Published Online:https://doi.org/10.1287/mnsc.2023.02522

Recent regulatory discussions concentrate on the role institutional investors play in the financial sector. We investigate the determinants and consequences of institutional ownership (IO) in banks. Our findings suggest that institutional owners invest more in banks that have a lower proportion of consumer and real estate loans; are less opaque; have a lower level of insider control; are larger, older, and more capitalized; and have lower stock return volatility. In contrast, banks’ funding characteristics, loan risk appetite, and connectedness with other banks do not seem to be relevant factors in institutional investors’ decisions to hold a bank. We further investigate whether IO is related to tail risk comovement and changes in bank operations. We find robust evidence suggesting that IO is positively associated with a bank’s future tail risk and that the association between IO and tail risk is significantly higher for banks than it is for nonfinancial firms. We also find that this relationship is stronger for banks during economic downturns.

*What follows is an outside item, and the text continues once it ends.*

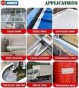 Stops leaks instantly Waterproofing Tape. This tape features a new generation butyl adhesive that provides an instant water and air tight seal. Use it to patch holes, cracks, gaps and tears, even underwater. Perfect for sealing for RV, window, downspouts, boat sealing, glass, gutters, cement wall cracks, steel tile, wagon box, sunroom seams, canopy, aluminum, tarps, and EPDM rubber roof patching and more.

Correspondingly, we find that there is a greater reduction in lending growth and greater increases in opacity and risk taking during recessionary periods for banks with higher levels of IO. Our results suggest that institutions with low monitoring incentives in particular play a role in increasing tail risk comovement and in the deleterious real effects of IO. Lastly, we find evidence suggesting that disclosure may play a role in mitigating the relationship between IO and tail risk comovement.

This paper was accepted by Eric So, accounting.